» **AIM OF THE EXERCISE**
Copy out exactly, from the entries that follow, the line holding "In traditional elote, a", the line holding "ゴルフセンター前に配車されたバスに乗り込みました。", and all lines between them, but no pictures.

» **RECORDS**

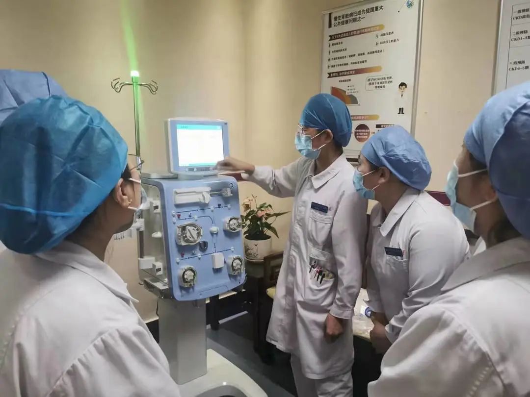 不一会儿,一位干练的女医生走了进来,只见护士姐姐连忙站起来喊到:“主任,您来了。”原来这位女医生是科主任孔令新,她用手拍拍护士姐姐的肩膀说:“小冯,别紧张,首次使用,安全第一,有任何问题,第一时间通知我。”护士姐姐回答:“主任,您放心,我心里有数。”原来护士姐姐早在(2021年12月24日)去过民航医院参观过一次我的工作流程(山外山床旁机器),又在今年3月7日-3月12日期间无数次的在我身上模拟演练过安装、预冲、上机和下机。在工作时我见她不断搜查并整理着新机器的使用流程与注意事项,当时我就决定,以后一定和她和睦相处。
==
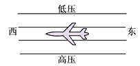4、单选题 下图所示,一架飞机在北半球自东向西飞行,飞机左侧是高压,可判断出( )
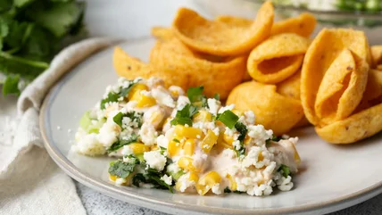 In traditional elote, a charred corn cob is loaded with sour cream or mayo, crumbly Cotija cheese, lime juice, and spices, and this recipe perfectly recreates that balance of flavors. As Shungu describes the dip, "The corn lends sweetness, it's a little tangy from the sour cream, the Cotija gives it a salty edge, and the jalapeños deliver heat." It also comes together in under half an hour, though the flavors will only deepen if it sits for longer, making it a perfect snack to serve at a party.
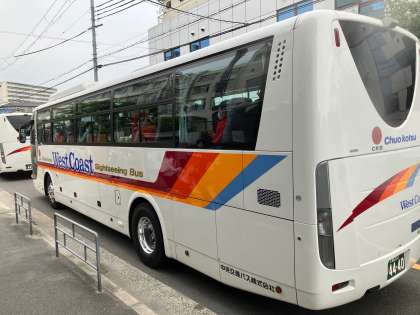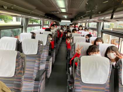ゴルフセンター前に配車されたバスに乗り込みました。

» **RESULT OF THE TASK**
 In traditional elote, a charred corn cob is loaded with sour cream or mayo, crumbly Cotija cheese, lime juice, and spices, and this recipe perfectly recreates that balance of flavors. As Shungu describes the dip, "The corn lends sweetness, it's a little tangy from the sour cream, the Cotija gives it a salty edge, and the jalapeños deliver heat." It also comes together in under half an hour, though the flavors will only deepen if it sits for longer, making it a perfect snack to serve at a party.
ゴルフセンター前に配車されたバスに乗り込みました。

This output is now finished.